Iran opened a seven-day state funeral for Ayatollah Ali Khamenei on Friday, with delegations from more than 100 countries expected in Tehran to mark the death of the supreme leader who had led the Islamic Republic since 1989, according to Al Jazeera.

Khamenei, 86, was killed on February 28 in a joint United States-Israeli air strike on his compound, on the first day of what became the 2026 war between Iran and the US and Israel, Al Jazeera reported. The funeral, originally planned for March, was postponed because of the fighting.

The ceremonies come as Iran adjusts to a leadership transition that was settled during the war itself. In March, Iran's Assembly of Experts named Khamenei's son, Mojtaba Khamenei, as the new supreme leader, according to Fortune.

A funeral delayed by war

Al Jazeera reported that the proceedings begin in Tehran and run for a week: public viewings at the capital's Grand Mosalla over the weekend, processions toward the holy city of Qom, ceremonies in the Iraqi shrine cities of Najaf and Karbala, and a final burial the following Friday in Mashhad at the Imam Reza shrine.

The war that killed Khamenei ended in a ceasefire. The United States and Iran, together with Israel, agreed to halt fighting in early April after more than five weeks, and the two presidents signed a memorandum of understanding intended to formally end the conflict on June 17, according to a UK House of Commons Library briefing and reporting by Al Jazeera.
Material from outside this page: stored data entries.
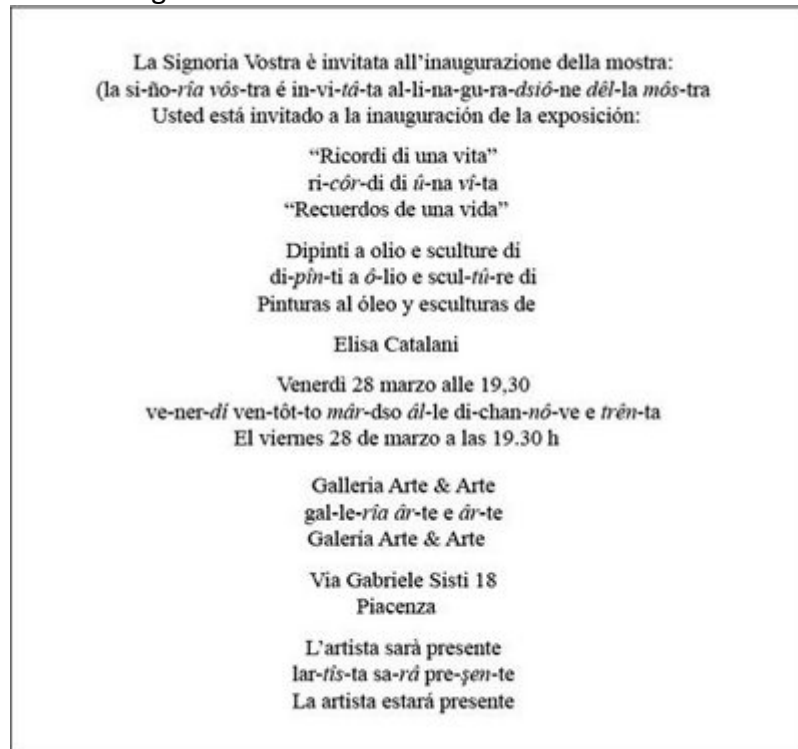
Figura 7-2: La clásica invitación impresa formal

La figura 7-2 es un ejemplo de una invitación formal a la inauguración de una exposición de la artista Elisa Catalani en una galería de arte en la ciudad de Piacenza.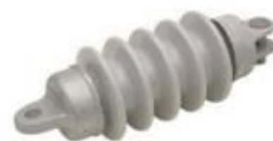
ISOLADOR BASTÃO PORCELANA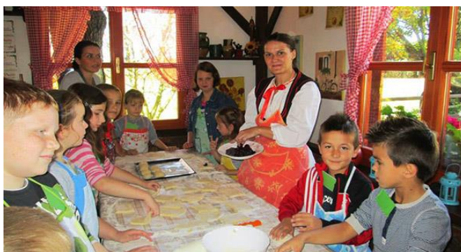
Slika 8. Aktivnosti djece na izletu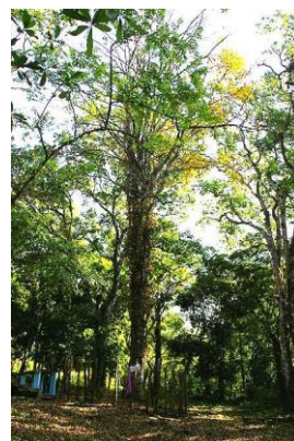
Obr. č. 12; granadillo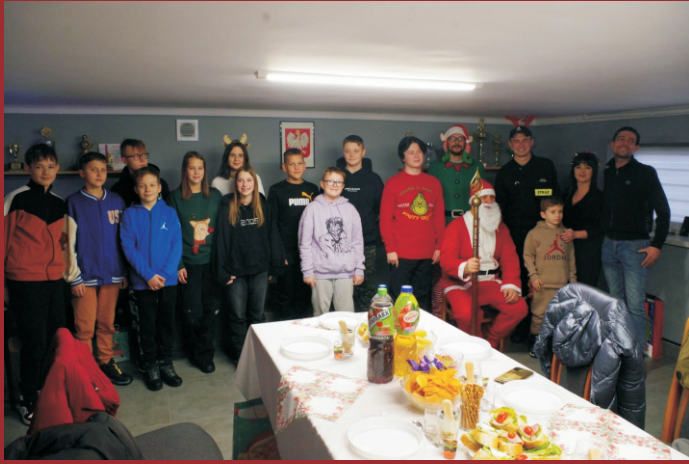
Mikołajki w OSP Zawisna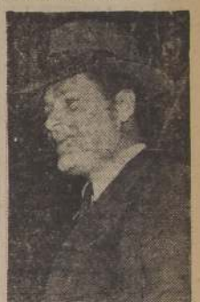
Jacob Lomakin, Cónsul General de Rusia en Nueva York

El Cónsul General en Nueva York, es posiblemente, el funcionario soviético de mayor jerarquía en Estados Unidos, después del Embajador. Fue enviado a un otro Consulado General en este país, y está ubicado en San Francisco de California.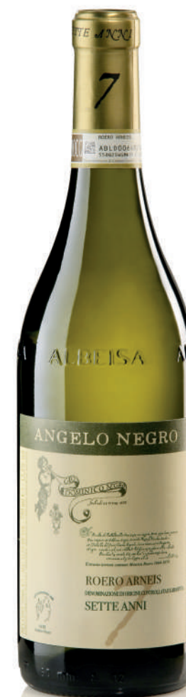
ROERO ARNEIS DOCG SETTE ANNI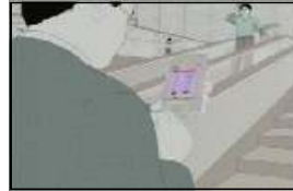
[그림 5] 삼성 SDI - 공항 편 -

일반적으로 독특한 기법의 광고영상들이 기법에만 치중하여 광고 본래의 목적과 의미를 잃고 일회성 선전에 그치는 경우도 부지기수이지만 삼성SDI의 라인 애니메이션 광고는 본래 광고의 목적에 충실할 뿐만 아니라 목적을 부각시키는 기법으로 역할을 하였고 더불어 독특한 기법을 보여줌으로 높은 시각적 주목도를 얻는데도 성공할 수 있었다.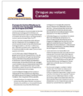
Drogue au volant: Canada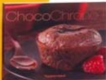
Leur ChocoChromo (ID19) 18,95 €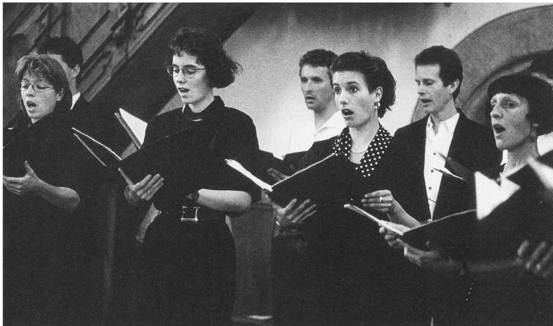
Markenzeichen des Collegium vocale: vergessene Werke grosser Meister, grosse Werke vergessener Meister und Werke von Komponisten, deren Meisterschaft vielleicht erst die Nachwelt würdigen wird.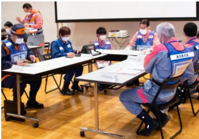
災害対策本部の運営 【北とぴあ】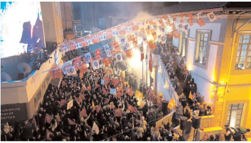
Cumhur İttifakı taraftarları Taş Bina önünde geç saatlere kadar kutlama yaptılar.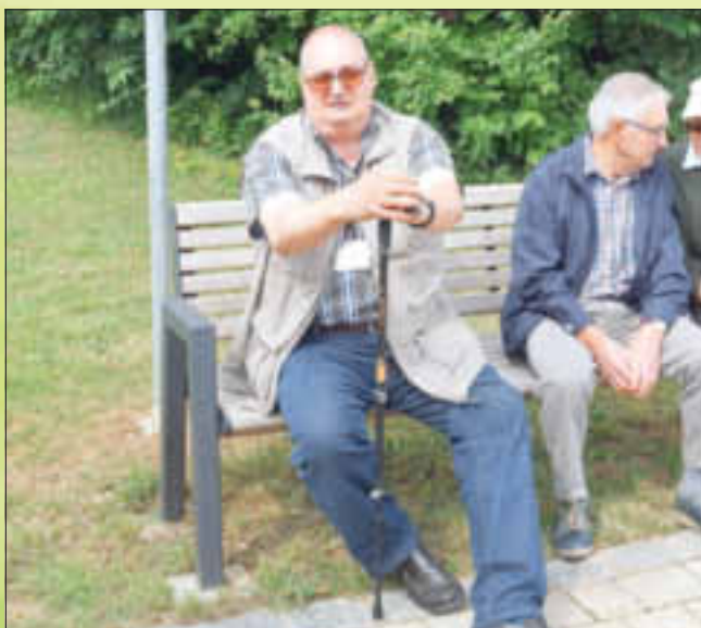
Wer auf dem „Mitfahrbänkle“ sitzt, kann sich in Zukunft von vorbeifahrenden Autofahrern mitnehmen lassen.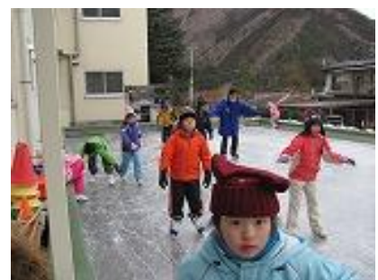
周回練習で氷に慣れる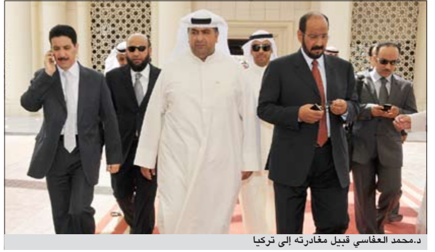
د.محمد العفاسي قبيل مغادرته إلى تركيا

كشف نائب رئيس مجلس الوزراء وزير العدل ووزير الشؤون د.محمد العفاسي أنه بعد إغلاق استخراج تصاريح العمل، «ما عدا العقود المستفاد منها المتعلقة بالتنمية والمشاريع الكبرى»، وجدنا أن من دخلوا بقبول مؤقتة وجولت إلى إقامة عمل أكثر من 15 ألف وافد، «وكأنك يا أبو زيد ما غزيت».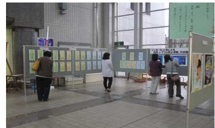
昨年度の作品展の様子

※ 作品展終了後は、各学校で持ち回り展を開催します。詳しくは、総合教育センターまでお問い合わせください。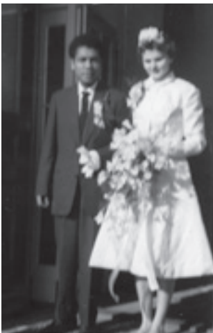
Trouwfoto uit 1960.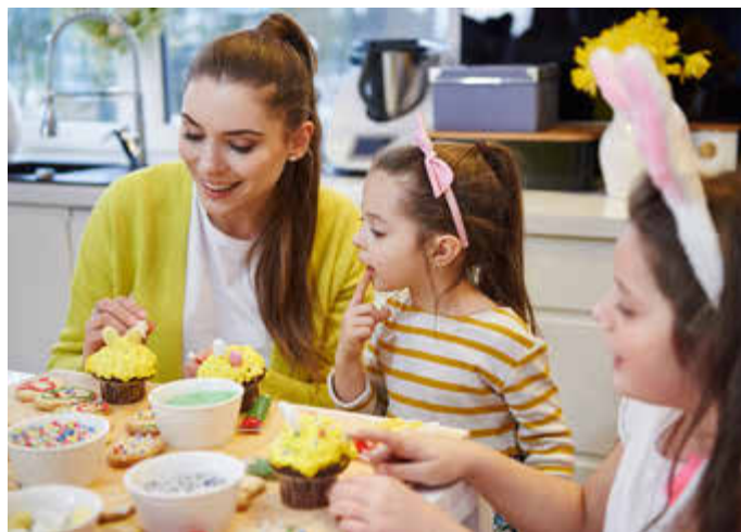
Vielfältige traditionelle Leckereien aus der Osterbäckerei versüßen uns das Osterfest.

(DJD). Dass gerade zum Osterfest süße Osterbrote, Hefekränze, Lämmchen und Osterzöpfe gebacken werden, hängt mit der christlichen Tradition dieses Festes zusammen. „Das Osterfest folgt auf die lange, karge Fastenzeit, in der früher viele Nahrungsmittel wie Milchprodukte oder gesüßte Gebäcke kirchlich untersagt waren. Ostern durfte wieder geschlemmt werden“, weiß Bernd Kütscher, Bäckermeister und Direktor der Bundesakademie des Deutschen Bäckerhandwerks. Etwas Salz darf im Teig beim Backen nicht fehlen, da es den Geschmack verbessert und die Aromen intensiviert. Zudem trägt Salz zur Regulierung der natürlichen Fermentation im Teig bei. Auch die Teigstruktur wird gestärkt, was sich auf das Gebäckvolumen auswirkt. Weitere Infos gibt es unter www.vks-kalisalz.de .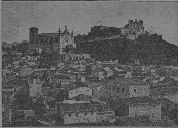
El pueblo de Artá, con el santuario de la Virgen de San Salvador al fondo

sica serenidad del aeda homérico y el popular y añejo sabor de los antiguos “glossadors”, a cuyo final pronuncio atinadas frases de estímulo en su preciado or, el ilustrado Economo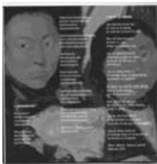
Asanaqigavit / Kærligst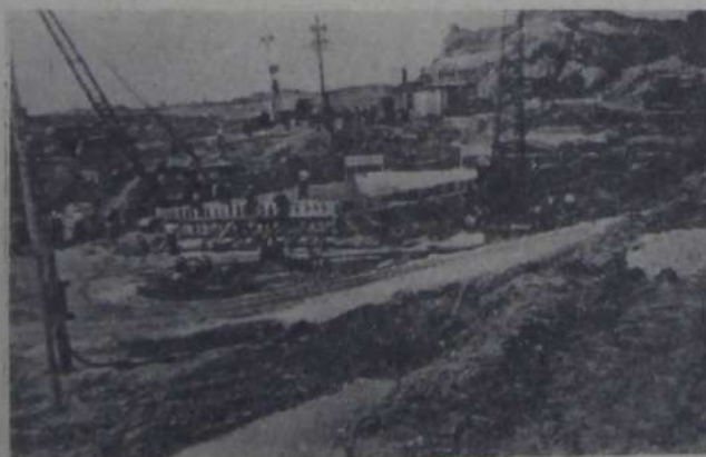
ЗДЕСЬ БУДЕТ ГЭС. 1956-й ГОД.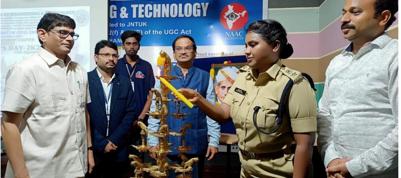
Chief Guest Lightening the lamp to mark the granulation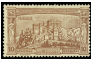
2330 140 €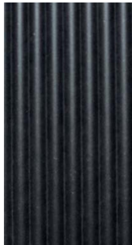
RIVA color | black

Bitte beachten Sie, dass die dargestellten Farben nicht verbindlich sind. Fordern Sie sich bei Bedarf ein Muster an.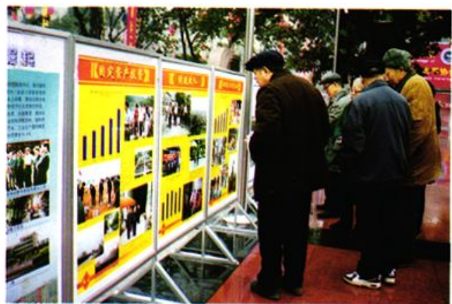
一在市一届人大六次会议期间,主城区市民驻足观看秀山宣传展板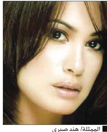
الممثلة/ هند صبري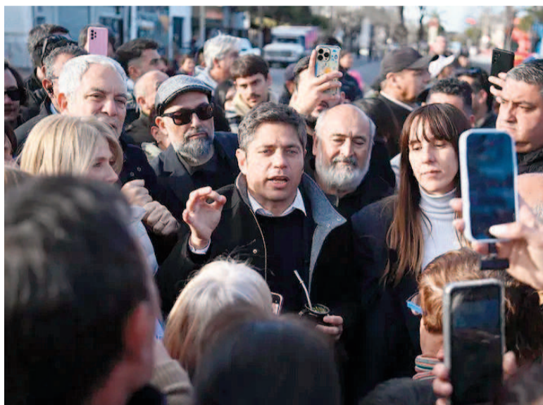
El gobernador Axel Kicillof junto a vecinos de La Plata.

El domingo, en medio de los festejos por el triunfo de Fuerza Patria, el mandatario había pedido a Milei que lo llame, algo que repitió luego en varias entrevistas. Paralelamente, la Rosada activó una mesa de diálogo político con gobernadores y, en ese sentido, se espera que llamen a dialogar a Kicillof. Sin embargo,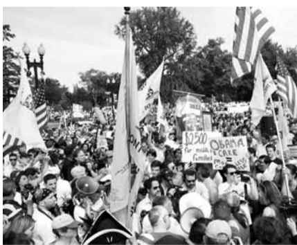
■反對醫保案的茶黨成員在最高法院外示威。 法新社

霍士主播起初亦稱法案被推翻，並在推特上發布消息，發現事有蹊蹺後刪除。兩大傳媒放「流料」，令所有傳媒和社交網絡陷入混亂。《時代周刊》和《赫芬頓郵報》引述CNN跟着出錯，後者承認轉載時「操之過急」。《紐約時報》則多花數分鐘分析裁決，故避免了報錯料。 ■美聯社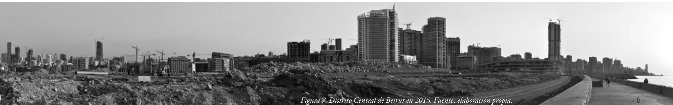
Figura 7. Distrito Central de Beirut en 2015.

En relación a la adecuación al nuevo formato de la colección, se considera que las imágenes incluidas en la tesis sobre los cambios y los procesos de incertidumbre acaecidos en los tres sistemas urbanos, pueden reproducirse en la edición de arquitecta/tesis a mayor tamaño, manteniendo en las páginas pares las imágenes y en las páginas impares el texto. En los capítulos o secciones donde se requiera, las imágenes también se podrán colocar en el área lateral de la página donde se ubican los pies de página y las citas. Gran parte de las imágenes incluidas en la tesis no han tenido difusión previa en la literatura hispánica puesto que se han obtenido de archivos en las ciudades de Ámsterdam, Sarajevo y Beirut. Así se cuenta con un gran número de imágenes y planos de archivo, mientras que otras imágenes son de elaboración propia realizadas durante las estancias en las ciudades y tienen carácter inédito, es el caso de los modelos morfológicos y topológicos elaborados sobre los tres sistemas urbanos.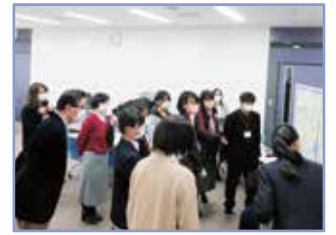
浦和ネクストステージプロジェクト

目標 アンケートで「浦和区の将来像やまちづくりについて考えるきっかけになった」と回答した参加者の割合 70%以上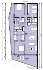
Departamento 3 Recamaras 3.5 Baños Condo 3 Bedrooms 3.5 Bathrooms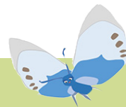
Vlada de vlinder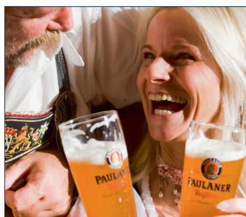
Paulaner Weißbier steht für Lebensfreude und hat eine lange Geschichte.

Die Kohlensäureperlen haben einen langen Weg, um nach oben zu steigen. Dadurch bleibt das Bier länger frisch und spritzig. Der verstärkte Glasboden dient übrigens auch dazu, um mit dem obergärigen Bier traditionsgemäß „unten“ anzustoßen.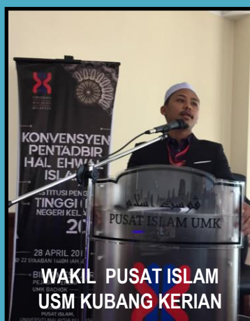
WAKIL PUSAT ISLAM USM KUBANG KERIAN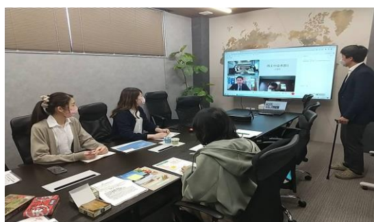
【場所：株式会社鈴木榮光堂 バイヤーの様子】

商工中金は、お客さまの課題解決に繋がる金融面のサポートに加え、地域金融機関と連携し、全国ネットワークを生かしたビジネスマッチングを通じて、お客さまの販路開拓を強力に支援してまいります。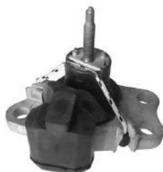
Código: 80175 NO HIDRAULICO Modelo: CLIO II Nº Original: 8200267625 Soporte motor no hidráulico lado derecho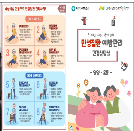
운동·영양관리 교육자료 제작 및 배포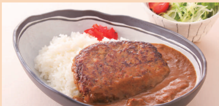
ハンバーグカレー ミニサラダ付き ¥980(税込)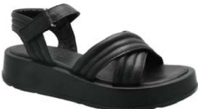
FFC / ADIGE BY. BAYA- V2 NAP BLACK, 99€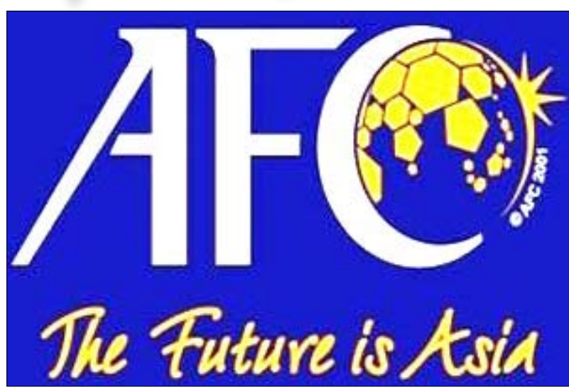
شعار الاتحاد الآسيوي لكرة القدم

وكان السويسري سيب بلاتر رئيس الـ «فيفا» الحالي قد أبدى مؤخرًا رغبته في الترشح لفترة جديدة بعد نهاية الفترة الحالية عام 2011. وسيعلم الاتحاد الدولي في ديسمبر المقبل اسم العرضين الفائزين بحق تنظيم نهائيات كأس العالم في عامي 2018 و2022.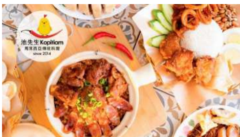
池先生 Kopitiam 信義店 | B2F

幸修園始於東京的一間茶屋。經過長久經驗技術的累積，採用獨特的製茶法製作出美味的日本茶。將嚴格精選的日本商品提供給世界各地的消費者。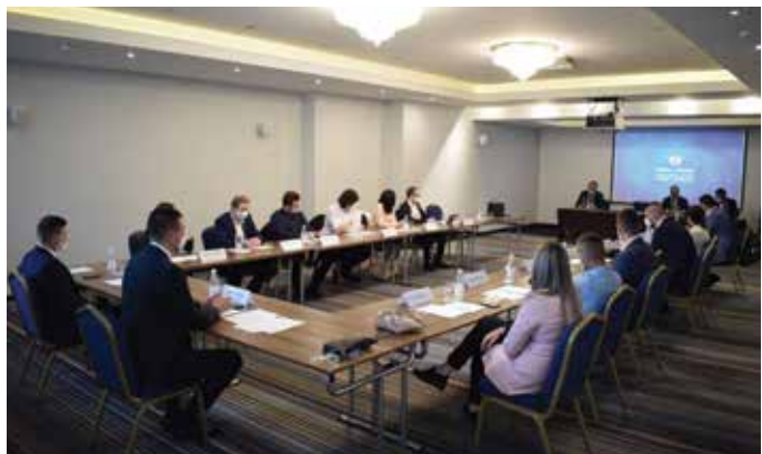
Prva sjednica Povjereništva mladih Naroda i Pravde BiH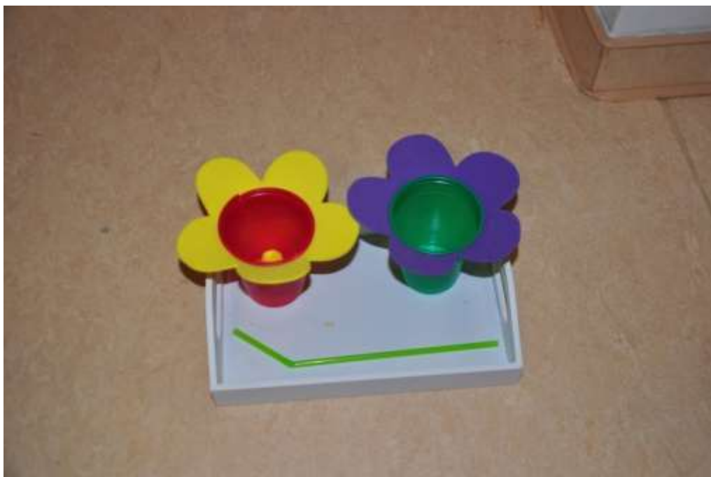
Obrázek č. 9: Praktický život – opylení květin (nasávání kuliček brčkem)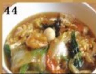
44 魚介と野菜のあんかけ ラーメン 900円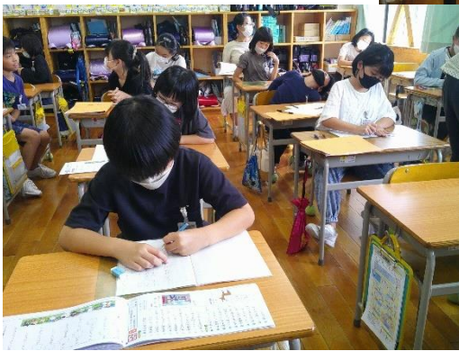
漢字のドリルやワークなどに取り組んでいる4年生です。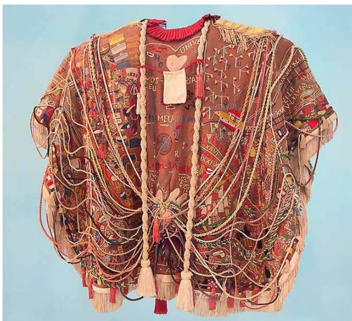
O Manto da Apresentação de Arthur Bispo do Rosário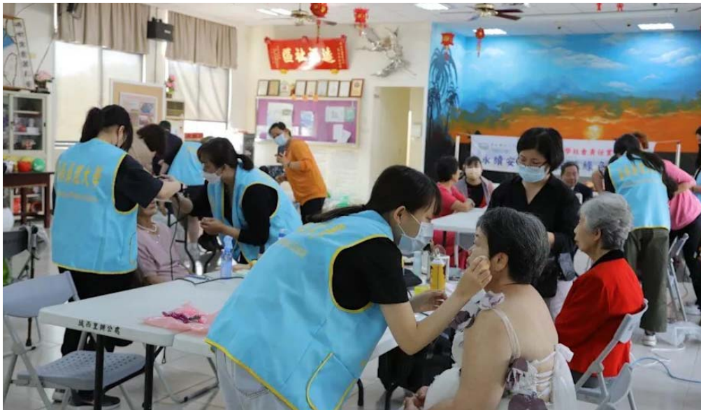
嘉藥環境永續學院及粧品系學生，為社區長輩化妝、設計婚紗造型，讓阿公、阿嬤再現當年結婚時的溫馨幸福。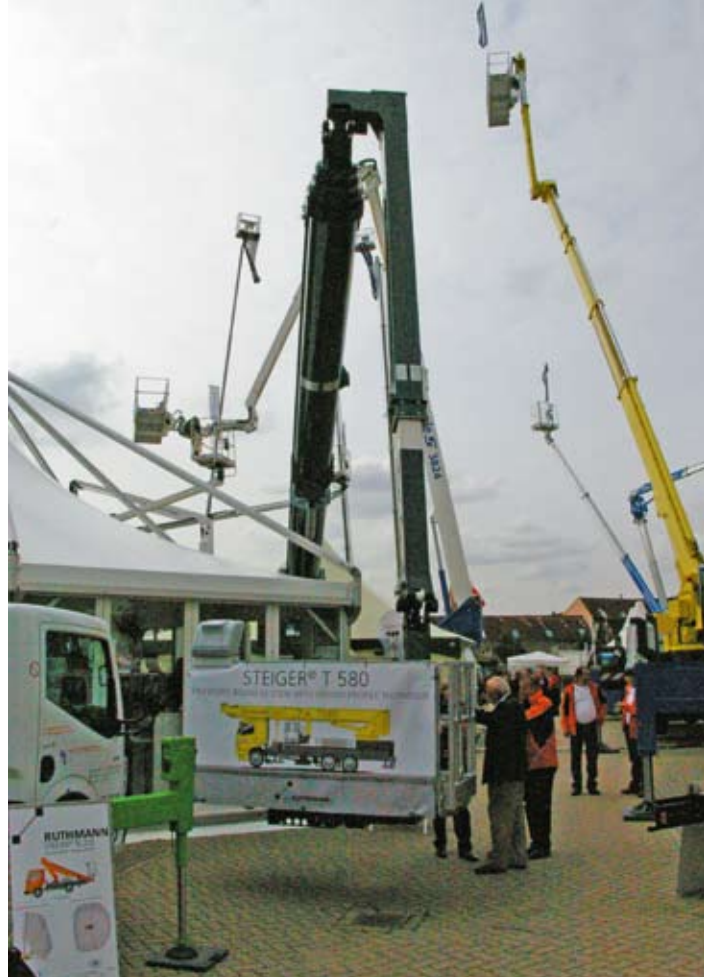
Ruthmann präsentierte auf der Apex den T 580 mit Unterarm-Rundprofilausleger.

Neben der Aufbaumöglichkeit auf Lkw-Fahrgestellen mit einem zulässigen Gesamtgewicht von 7,49 t – gepaart mit horizontal/vertikaler Abstützung – kann der T 275 auch mit senkrechten Stützen auf schwerem Chassis geordert werden.

Al Jazeera reported that both sides launched attacks during the ceasefire period.

A contested succession

Fortune reported that the Assembly of Experts, meeting from March 3 to 8, chose the 56-year-old Mojtaba Khamenei, describing him as a secretive cleric with close ties to the paramilitary Revolutionary Guard, and that his selection was announced on March 9. Fortune reported dissent within Iran over the choice, with some political figures objecting that passing the title from father to son amounted to hereditary rule of the kind toppled in the 1979 revolution.

Al Jazeera reported that the new supreme leader will not attend his father's funeral, citing security concerns after Israeli assassination threats.

Who is attending, and who is not

According to Al Jazeera, heads of state and government expected in Tehran include Pakistani Prime Minister Shehbaz Sharif, Tajikistan's President Emomali Rahmon, Armenian Prime Minister Nikol Pashinyan and Georgian President Mikheil Kavelashvili. China, Russia, India, Turkey, Afghanistan and Bangladesh are sending deputy or senior officials, the outlet reported, with Russia represented by Security Council Deputy Chairman Dmitry Medvedev. Outlook India reported that India's delegation is led by a junior minister and a state governor.

Al Jazeera's list of confirmed attendees included no Western heads of state.

What to watch

Al Jazeera quoted Iranian military commander Ali Abdollahi warning the United States and Israel to "avoid any miscalculation." The war's central question, the future of Iran's nuclear program, remains unresolved: the House of Commons Library briefing cited a preliminary US Defense Intelligence Agency assessment that Iran had moved much of its enriched uranium before the strikes and that the attacks set back its weapons capability by only months. How the new supreme leader consolidates authority, and whether the ceasefire holds, are among the open questions Iran faces after the transition.